Before coming to this conclusion, I have downloaded and read at least 6 related scientific/medical journal articles dealing with formate accumulation studies and dietary folate in animal models, as well as studies of the bioavailability and absorption of calcium from oral calcium formate.

This Formic Cal product contains almost half the active ingredient of ca. formate, and it concerns me that in the future I may have novice keepers coming to me with convulsing or blinded horned lizards - a possible result of chronic long term overdosing of this product.

This product needs an actual dosing guide, which was based as a result of a real study in horned lizards. It is irresponsible and shows the make a fast buck commercialization mindset to put this product out there to the general public with lip service warnings that it's "experimental", as if the average consumer will be able to make an informed decision as to what exactly the risks entail. I hope that I have shed some light on what Repashy neglected to say or investigate.

In addition, it must also not be overlooked that the chemical analysis which Repashy used as a basis for the development of Formic Cal, was derived from carpenter ants (
Camponotus spp.), not red harvester ants (Pogonomyrmex spp.). Horned Lizards will rarely partake of carpenter ants when presented them (myself and many others have tried them as an alternate food source), and carpenter ants don't typically occur in the arid habitats where most horned lizard species are native. Horned Lizards simply don't recognize them as much for food, and when they do partake of them, they typically don't like them. The reason is likely because the carpenter ant has a poison gland in the gaster, and uses a spray of formic acid to repel such predatory attacks, which makes them distasteful. Harvester ants don't have this defense and must actually grab the victim with their mandibles and then deploy their stinger barb, just like a wasp. Before they can do this though, the typical horned lizard has already gobbled them up, so their defenses are not a problem for the horned lizard. The carpenter ant is a completely different genus and the horned lizard did not evolve the same predator-prey specialization for carpenter ants as is the case for harvester ants.  
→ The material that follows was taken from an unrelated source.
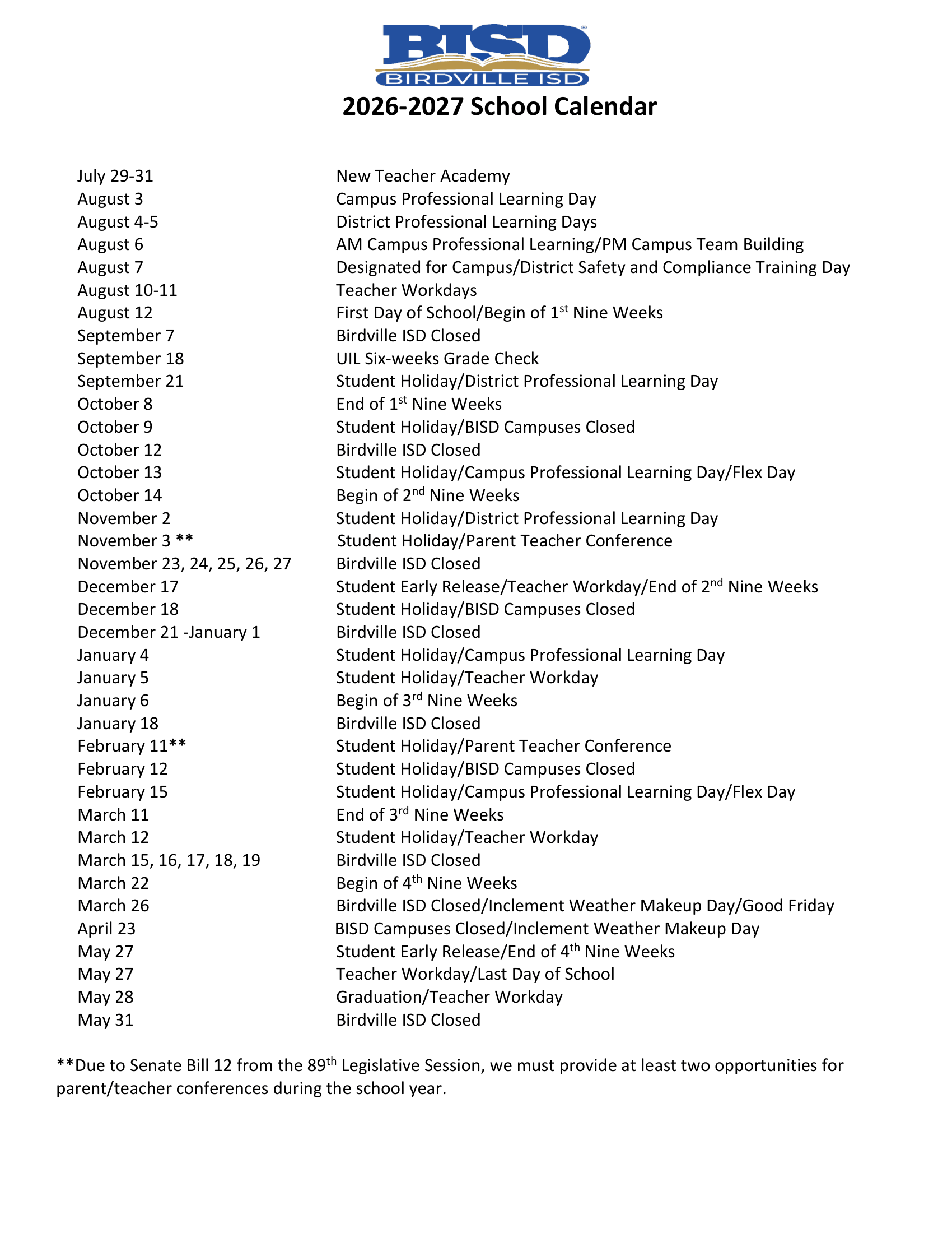 | Feb 12, 2027 | Student Holiday/BISD Campuses Closed |

My recommendation? The same as I would give you on running out to get the new iphone 10, before all the bugs were worked out - DON'T. Stick with harvester ants for your horned lizards, not a half-baked replacement synthetic and hyper-commercial idea, which is potentially dangerous to your animal's health. I care not where you get your harvester ants...only that you get them somewhere if you hope to maintain horned lizards.
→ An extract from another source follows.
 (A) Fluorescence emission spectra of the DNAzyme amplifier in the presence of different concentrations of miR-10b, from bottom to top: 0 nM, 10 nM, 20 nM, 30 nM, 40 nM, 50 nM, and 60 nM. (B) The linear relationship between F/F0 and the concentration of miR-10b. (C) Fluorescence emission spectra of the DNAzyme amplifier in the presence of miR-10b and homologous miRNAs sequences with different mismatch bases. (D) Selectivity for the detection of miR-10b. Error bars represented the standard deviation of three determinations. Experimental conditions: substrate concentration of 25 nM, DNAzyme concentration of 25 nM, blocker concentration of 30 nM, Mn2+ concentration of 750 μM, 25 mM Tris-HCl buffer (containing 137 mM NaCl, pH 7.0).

Repashy Formic Cal serves one purpose, and one purpose only - that is to sell another accessory to a niche market, which they hope to expand by duping you into thinking horned lizards will somehow become easier to maintain in captivity on this supplement. Don't fall for product hype, which offers a magic fairy dust as a replacement for mymecophageous biological specialization, which horned lizards have evolved over thousands of years.